Ora verrà rimpiazzato da nuove regole, molto più lasche; nell’iter previsto dalla legge, c’è da aspettarsi una serie di denunce da parte di stati che hanno visioni più verdi e organizzazioni ambientaliste.

Donald Trump parla fin dai tempi della campagna elettorale della necessità di aiutare la produzione di carbone e le centrali elettriche collegate riducendone gli aggravi per il controllo delle emissioni, strategia su cui invece l’amministrazione Obama aveva piazzato parte del piano per combattere i cambiamenti climatici – a cui invece Trump e i suoi non sembrano credere troppo.

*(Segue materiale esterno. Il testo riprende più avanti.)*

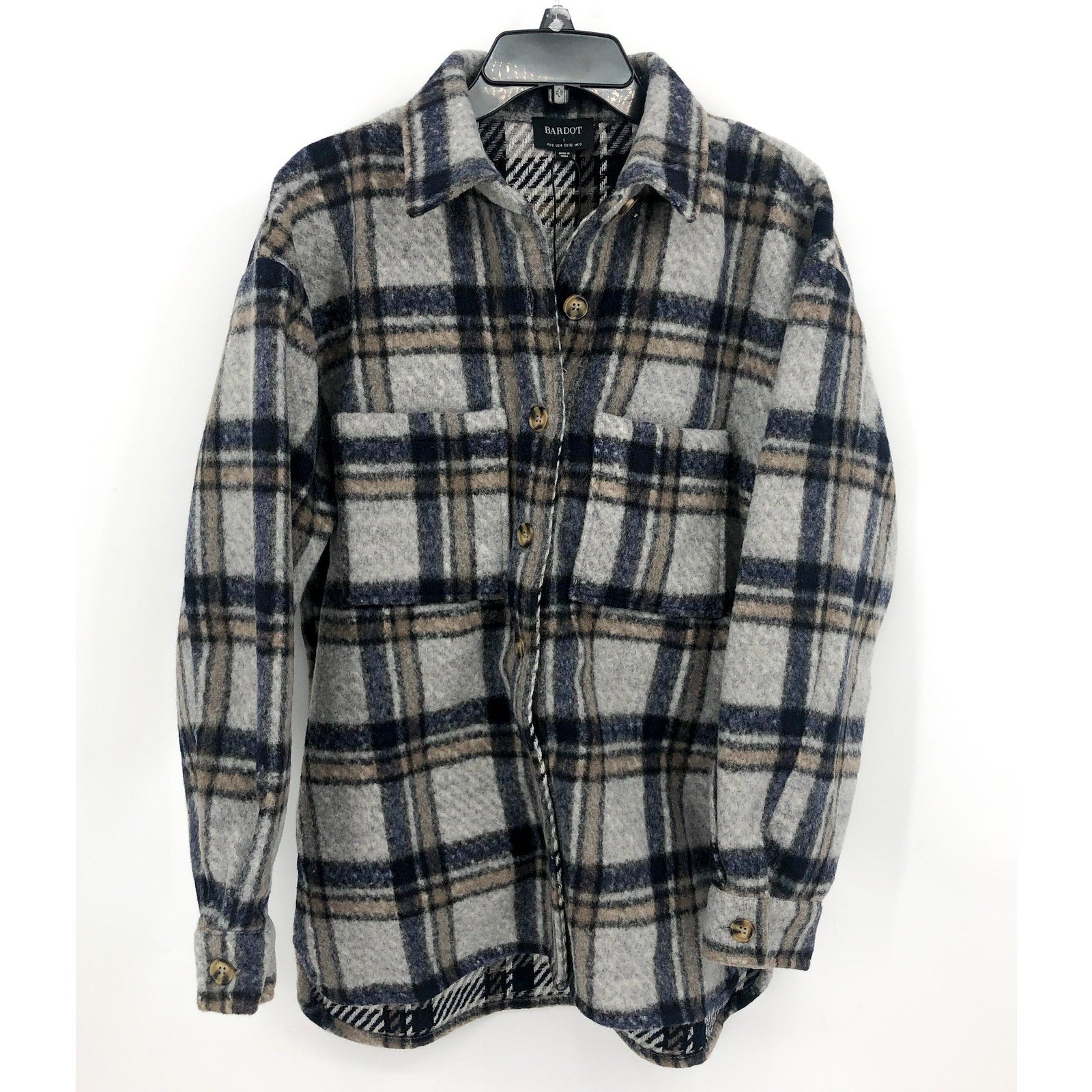 BARDOT Women Checked Flannel Shirt Jacket Small Blue Check NWT

La distanza è culturale: Obama aveva stretto sui limiti emissivi di diossido di carbonio per tagliare fuori tutte quelle centrali a carbone che non provvedevano agli ammodernamenti necessari, ma sostanzialmente per tagliare fuori proprio il carbone dalla produzione energetica favorendone la sostituzione con altri metodi meno inquinanti; Trump, che ha promesso ai lavoratori delle miniere carbonifere degli Stati Uniti una nuova era florida, sta facendo in modo che, alzando i limiti sulle emissioni (e mantenendoli solo per la ristretta area dell’impianto), non siano necessari miglioramenti tecnologici e aggiornamenti delle centrali.

D’altronde, l’amministrazione Obama è stata il cardine dell’accordo sul Clima di Parigi, mentre Trump aveva promesso già prima di essere eletto di ritirare gli Stati Uniti da quell’intesa multilaterale che lui valuta non vantaggiosa per i propri interessi, un freno verso l’obiettivo “Make America Great Again”, slogan trumpiano consolidato. E così ha fatto.

I trumpiani, che difendono la decisione perché ritengono il Clean Power Plan illegale in quanto forzatura federale contro le aziende elettriche, diranno che questa nuova norma fermerà quella che chiamano la guerra di Obama al carbone, ma gli analisti indipendenti dicono che in realtà il declino del carbone continuerà, ed è alimentato in gran parte da un minor costo di gas naturale (estratto dagli shale) ed energie rinnovabili.

“La proposta odierna fornisce agli stati e alle comunità la certezza di cui hanno bisogno per continuare il progresso ambientale mentre soddisfano l’obiettivo del dominio energetico del presidente Trump”, ha detto Andrew Wheeler, che guida l’Epa da quando Scott Pruitt s’è dimesso da segretario “dopo una cascata di polemiche sulle sue spese sontuose, errori etici e decisioni di gestione controverse che alla fine hanno eroso la fiducia del presidente in uno dei suoi più ardenti membri del Gabinetto” (come scrisse il Boston Globe).

Ma è la stessa analisi tecnica che accompagna il disegno di legge a mettere nero su bianco che le emissioni aumenteranno e produrranno una perdita di benefici per la salute umana; l’Epa dipinge addirittura uno scenario di applicazione – che avrà regole statali – secondo cui sono previsti tra i 470 e i 1400 decessi prematuri ogni anno fino al 2030 a causa dell’aumento dei tassi di particolato aerodisperso microscopico, noto come PM 2.5, pericoloso a causa del legame con malattie cardiache e polmonari e capacità di innescare problemi cronici come l’asma e la bronchite.

(Secondo lo stesso complesso sistema di modellazione studiato dall’Accademia Nazionale delle Scienze – che l’EPA ha utilizzato per decenni per calcolare i vantaggi e gli svantaggi delle regolamentazioni in materia d’inquinamento – il piano più aggressivo pensato da Obama avrebbe ridotto quelle morti con numeri che andavano dai 1500 ai 3600, per ogni anno, nello stesso lasso di tempo).